Mas, o mais legal de tudo, em minha opinião, é a forte mensagem que o disco carrega. Seguindo uma tendência já bem característica em suas composições, os integrantes do Claustrofobia dessa vez não inseriram uma música ou outra em português - mas, sim, TODAS as faixas.

Para se entender bem o álbum, acho que a melhor maneira de apreciá-lo é acompanhar a música e ao mesmo tempo o conteúdo lírico - vai ser difícil controlar a vontade de fazer um bate cabeça ali mesmo no seu quarto, sala ou ambiente de trabalho, mas eu garanto que vai valer muito à pena. Isso porque letras e melodias casam muito bem, e o conceito que "Peste" traz, nada mais é que um desabafo de brasileiros inconformados com tudo o que acontece nesse país. Comenta do headbanger que se estraga em um dia e tem que trabalhar duro no dia seguinte, daquele que sofre, mas não desiste, daquele que toma cachaça pra sufocar a dor e que se indigna com tanta injustiça. Mas também não deixa barato para aquele que se deixa alienar pela televisão, que come seu churrasco tranquilo enquanto o país sucumbe em coisas erradas. Exalta porém aqueles que apesar de tudo, ainda seguem em frente com raça, que sobrevivem a todo esse caos. Isso tudo, da forma mais natural, mais Claustrofobia possível, como se fosse um papo reto de brasileiro para brasileiro!

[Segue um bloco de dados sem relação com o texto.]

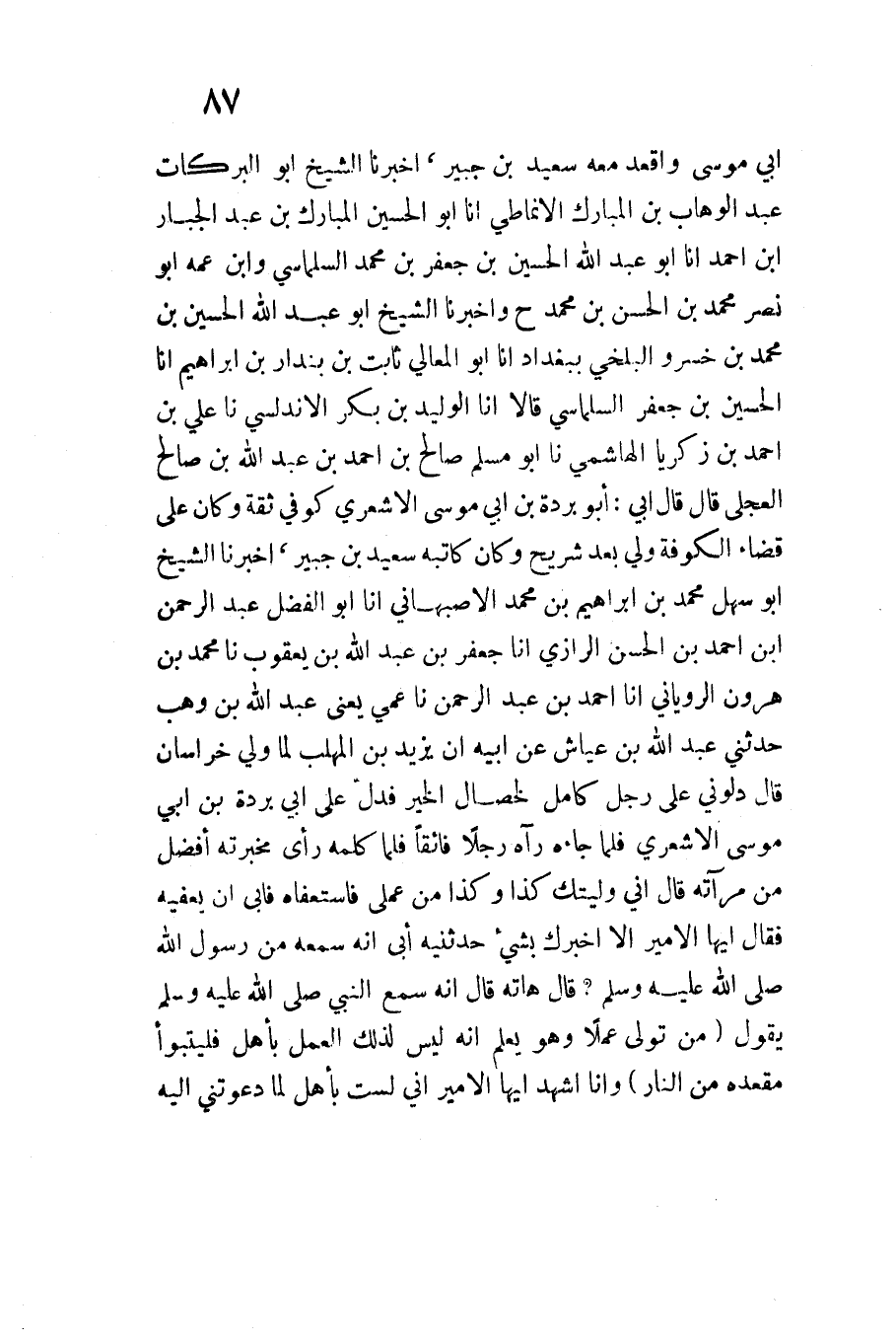 أَبِي مُوسَى وَأَقْعَدَ مَعَهُ سَعِيدَ بْنَ جُبَيْرٍ أَخْبَرَنَا الشَّيْخُ أَبُو الْبَرَكَاتِ عَبْدُ الْوَهَّابِ بْنُ الْمُبَارَكِ الْأنمَاطِي أَنا أَبُو الْحُسَيْنِ الْمُبَارَكُ بْنُ عَبْدِ الْجَبَّار ابْن أَحْمد أَنا أَبُو عَبْدِ اللَّهِ الْحُسَيْنُ بْنُ جَعْفَرِ بْنِ مُحَمَّدٍ السِّلْمَاسِيُّ وَابْنِ عَمِّهِ أَبُو نَصْرٍ مُحَمَّدُ بْنُ الْحسن بن مُحَمَّد ح وَأَخْبَرَنَا الشَّيْخُ أَبُو عَبْدِ اللَّهِ الْحُسَيْنُ بْنُ مُحَمَّدِ بْنِ خَسْرُو الْبَلْخِي بِبَغْدَاد أَنا أَبُو الْمَعَالِي ثَابِتُ بْنُ بُنْدَارِ بن إِبْرَاهِيم أَنا الْحُسَيْنُ بْنُ جَعْفَرٍ السِّلْمَاسِيُّ قَالا أَنا الْوَلِيدُ بْنُ بَكْرٍ الأَنْدَلُسِيُّ نَا عَلِيُّ بْنُ أَحْمَدَ بْنِ زَكَرِيَّا الْهَاشِمِيُّ نَا أَبُو مُسْلِمٍ صَالِحُ بْنُ أَحْمَدَ بْنِ عَبْدِ اللَّهِ بْنِ صَالِحٍ الْعِجْلِيُّ قَالَ قَالَ أَبِي أَبُو بُرْدَةَ بْنُ أَبِي مُوسَى الأَشْعَرِيُّ كُوفِيٌّ ثِقَةٌ وَكَانَ عَلَى قَضَاءِ الْكُوفَةِ وَلِيَ بَعْدَ شُرَيْحٍ وَكَانَ كَاتِبُهُ سَعِيدُ بْنُ جُبَيْرٍ أَخْبَرَنَا الشَّيْخُ أَبُو سَهْلٍ مُحَمَّدُ بْنُ إِبْرَاهِيمَ بْنِ مُحَمَّدِ الْأَصْبَهَانِيّ أَنا ابو الْفضل عبد الرَّحْمَن ابْن أَحْمد بن الْحسن الرَّازِيّ أَنا جَعْفَرُ بْنُ عَبْدِ اللَّهِ بْنِ يَعْقُوب نَا مُحَمَّد بن هرون الرَّوْيَانِيّ أَنا أَحْمَدُ بْنُ عَبْدِ الرَّحْمَنِ نَا عَمِّي يَعْنِي عَبْدَ اللَّهِ بْنَ وَهْبٍ حَدَّثَنِي عَبْدُ اللَّهِ بْنُ عَيَّاشٍ عَنْ أَبِيهِ أَنَّ يَزِيدَ بْنَ الْمُهَلَّبِ لَمَّا وَلِيَ خُرَاسَانَ قَالَ دِلُّونِي عَلَى رَجُلٍ كَامِلٍ لِخَصَالِ الْخَيْرِ فَدُلَّ عَلَى أَبِي بُرْدَةَ بْنِ أَبِي مُوسَى الأَشْعَرِيِّ فَلَمَّا جَاءَهُ رَجُلا فَائِقًا فَلَمَّا كَلَّمَهُ رَأَى مَخْبَرَتَهُ أَفْضَلَ مِنْ مَرْآتِهِ قَالَ إِنِّي وَلَيَّتُكَ كَذَا وَكَذَا مِنْ عَمَلِي فَاسْتَعْفَاهُ فَأَبَى أَنْ يُعْفِيَهُ فَقَالَ أَيُّهَا الأَمِيرُ أَلا أُخْبِرُكَ بِشَيْء حَدثنِي أَبِي أَنَّهُ سَمِعَهُ مِنْ رَسُولِ الله صلى اله عَلَيْهِ وَسَلَّمَ قَالَ هَاتِهِ قَالَ إِنَّهُ سَمِعَ النَّبِيَّ صَلَّى اللَّهُ عَلَيْهِ وَسَلَّمَ يَقُولُ

Muitos créditos devem ser dados à banda pelo ótimo trabalho de composição e criação de linhas vocais - não é fácil, e os caras mandaram muito bem!

Bom, mas se estamos falando de metal, o que com certeza você, leitor, não vê a hora de saber, é sobre as músicas! E é exatamente aí que a coisa fica ainda melhor!

Logo de cara, com a faixa de abertura "Peste", é possível entender o que está por vir. A música já vinha sendo executada ao vivo em alguns shows desde o ano passado e seu incrível refrão de certa forma "pegajoso", no bom sentido, é claro, faz com que na primeira ouvida, você já se sinta íntimo da faixa e a cante no segundo refrão. E conseguir isso com maestria com letras em português é realmente muito interessante!

Mas em termos de musicalidade, o teor da gravação fica escancarado logo de primeira: peso e coesão são as palavras-chave. Por incrível que pareça, o que se pode ouvir é pesadíssimo, quase sujo, mas ao mesmo tempo, cristalino. Difícil explicar! Digo isso porque, ao passo em que se ouve uma guitarra com distorção típica do metal mais agressivo, pode-se identificar cada nota, palhetada, toques na bateria…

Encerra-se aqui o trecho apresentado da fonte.